Old Testament responses to death emphasize how drastically Jesus’ resurrection changed the conversation for all believers.
As important as the concept of resurrection is to the New Testament and Christianity, it is surprising to find that the Old Testament has very few references to this belief. According to scholars like Robert Martin-Achard, this owes in part to the ancient Israelite understanding of what the good life should be. For ancient Israelites, the best life was one that was focused squarely on this world, because every living person is formed from the dust of the earth and made alive by the breath of God (i.e., His Spirit).
Since God’s greatest gift to all humanity is this life itself, the hope for this life was to have enough to live in modest comfort, to have children, and to die in peace after a long life.

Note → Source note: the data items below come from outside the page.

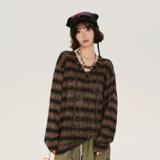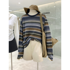 复古慵懒风渐变条纹长袖针织衫2025早秋新款宽松舒适小众百搭上衣
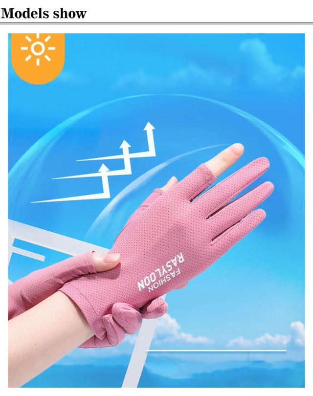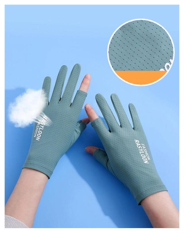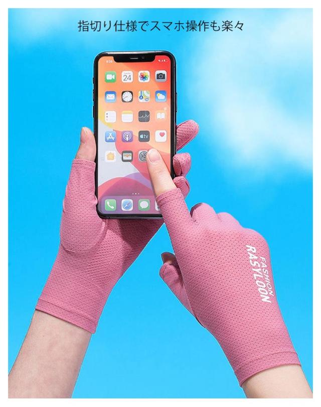 | UVカット手袋、接触冷感なので装着感も心地よい 自転車や車の運転に便利! 指切り仕様でスマホ操作も楽々 | |
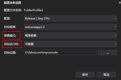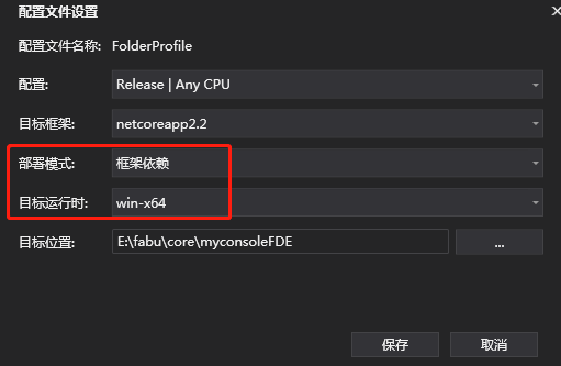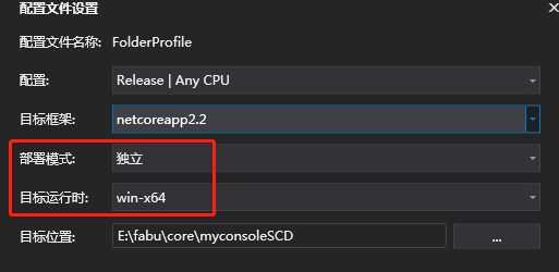 同样,我们将"目标运行时"设为 win-x64 演示效果:

Key Old Testament heroes like Abraham (Gen. 15:15), Isaac (Gen. 35:29), Jacob (Gen. 49:29-33), Moses, and even David (1 Kings 2:10; 1 Chron. 29:28) model this hope for what was considered the good life. Each lived many years, had children, and was buried in peace, typically with their ancestors. From an Israelite perspective, what more could anyone want?
There seems to be little reflection on what happens in death, except to affirm that death broke the divine bond between human bodily existence (dust of the earth) and the breath of God that made the dust of the earth live. Without body and breath, people went to Sheol, a dark, murky, and lifeless place. The only way to live beyond death was to be remembered by the living and to be buried with one’s ancestors.
While this may be the ideal life, God’s people experienced all kinds of threats to living it out.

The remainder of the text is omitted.